The Gift of Owen Jones │ Jake Scott

Usually, the divisive figures in politics are the politicians. Hillary Clinton, Donald Trump, Nicola Sturgeon, Jeremy Corbyn, Jacob Rees-Mogg; almost every major political figure is divisive in some way. And this is not surprising; politics is often the institutional expression of deeply held beliefs. But with the rise of internet celebrities (see Rory’s article on the dark web), we are seeing the emergence of deeply divisive supporters or Party spokesmen. The most significant example of this is none other than unofficially self-declared “leader” of Momentum, Owen Jones.

Owen Jones is a nasty individual. He is to the left what Katie Hopkins is (or, hopefully, was) to the right; abrasive, rude, personal and more often than not, just plain incorrect.

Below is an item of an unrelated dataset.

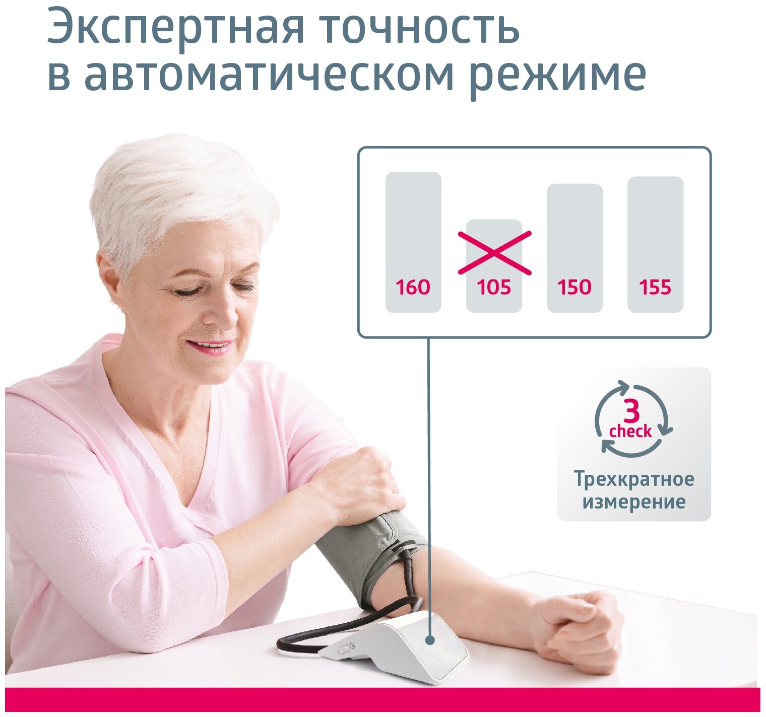 На показания давления влияют волнение, усталость, наличие аритмии. Поэтому врачи рекомендуют проводить, как минимум, 2 измерения и вычислять среднее значение. Технология 3Check создана в соответствии с рекомендациями Всемирной Организации Здравоохранения по контролю давления

Jones acts as some morally virtuous saint who believes in the Gospel According to Jeremy in such an ardent way one wonders how authentic it might be. Jones campaigns hard in marginal Tory seats to unseat incumbents, taking his own brand of patronising and elitist socialism from the Internet to the streets, lecturing voters at their very doorsteps as to why their own votes were silly and wrong, and why they should vote for Labour instead.

I don’t want to play Jones’ game though, so I will refrain from attacking him personally. Instead, we should recognise the gift Jones presents to those of us in the grassroots of politics; his divisiveness itself.

Jones is an embodiment of the nastiness of Momentum, fixating not on the quality of ideas but on the persons propagating them – a phenomenon I have warned about elsewhere. But, just as Momentum have driven the moderates out of Labour, both directly and indirectly, Owen Jones is driving swing voters away from Labour due to his vitriolic “method” of argument, and his frankly childish tantrums that he throws both on Twitter and on BBC news.

And then, of course, there is his latest personal attack on the much-respected BBC presenter, Andrew Neil:

Call me an optimist, but I like to believe most people are reasonable, and I’m almost certain that a reasonable person, presented with Jones’ vitriolic and divisive rhetoric, would reject this polarising attitude. Most people, in their reasonableness, can recognise that a gulf of difference between themselves and others regarding an issue does not mean they capitulate to separation, and walk away from one another; instead they seek reconciliation, aim to build bridges, and thereby reach a common understanding.

When we are presented with the divisive rhetoric of someone such as Owen Jones, we are given a rare and important gift; the opportunity to rise above the hatred, to show ourselves as better, and to reject such politicking in favour of reconciliation. Jones is a symptom of a wider issue in politics that so many people have identified; the ad hominem, childish “my way or no way” approach to politics that steers us away from compromise and, therefore, solutions, and towards the internal division that illiberal people strive for.

We must now recognise the gift of Owen Jones for what it is; a bitter pill to swallow, and a chance to wake up to the danger of divisiveness.